Николай Сергеевич всплескивал руками, втягивал голову в плечи:
— О-ё-ёй, какие настроения! Нельзя так, нельзя! У нас с вами, Киям Ахметович, еще на земле дел непочатый край. А смерть... Смерть — это самая большая несправедливость. И потворствовать ей нам не к лицу. Как самочувствие сейчас?
Когда был здоров и в отличном расположении духа, на подобные вопросы (как жизнь? Как дела?) Киям-абы обыкновенно отвечал: «Ужасно...» И добавлял: «...хорошо!» Или: «Сил нет терпеть... это счастье!»
Но в марте шестьдесят второго года ему было не до шуток.
— Плохо, плохо, — отвечал он Николаю Сергеевичу. — Беспрестанно мутит, кушать ничего не могу, аппетит пропал совсем.
— Лимончик поешьте, я тут принес килограммчик.
— Рахмат, спасибо, не помогает. — И вдруг: — Я прочитал ваш «Эликсир молодости». Страшно долгожителем жить, страшно, не дай бох-х!
— Дело в том, что надо всем долго жить, тогда не будет страшно.
Мы с Шаихом наведывали Кияма-абы часто.

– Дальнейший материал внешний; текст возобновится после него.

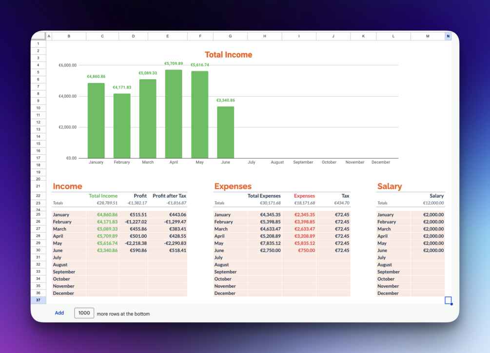 I’m Benas, a full-time freelancer & entrepreneur. Over the past ten years, I’ve grown my freelancing business from $1,000/month to consistently $10,000+/month, all while keeping my admin work under 1 hour per week. I created this Google Sheets template to eliminate the stress of tracking invoices, income, and taxes so I can focus on my clients. These are the exact sheets and workflows I’ve used to manage my freelance income and scale my business.

И приходили к нему не за тем, чтобы поскорее сбежать. Однажды солнечным мартовским днем после урока географии сидели у него особенно долго. Починили ему его «Балтику», послушали концерт по заявкам радиослушателей. Розы Киямовны дома не было, ушла в аптеку и по магазинам, за хозяйку осталась Юлька.
Больной чувствовал себя «ужасно хорошо», смог даже с постели на стул перебраться. В полосатой (по моде тех лет) пижаме, под свалявшимся, седым от корней (давно не красился) снопом волос, он походил на кого угодно, но только не на артиста оригинального жанра, только не на художника и уж ни в коей мере — на бойца кавалерийского корпуса Доватора. Но на внешность его мы — демонстративно никакого внимания. Шаих у приемника (починил, а оторваться-таки не может, что-то подвинчивает, подкручивает). Я у Юльки замом по хозчасти. Основная наша задача: между прочим, между зримым делом потихоньку, исподволь насыщать атмосферу дома жизнестойким духом, отвлекать больного от пасмурных мыслей.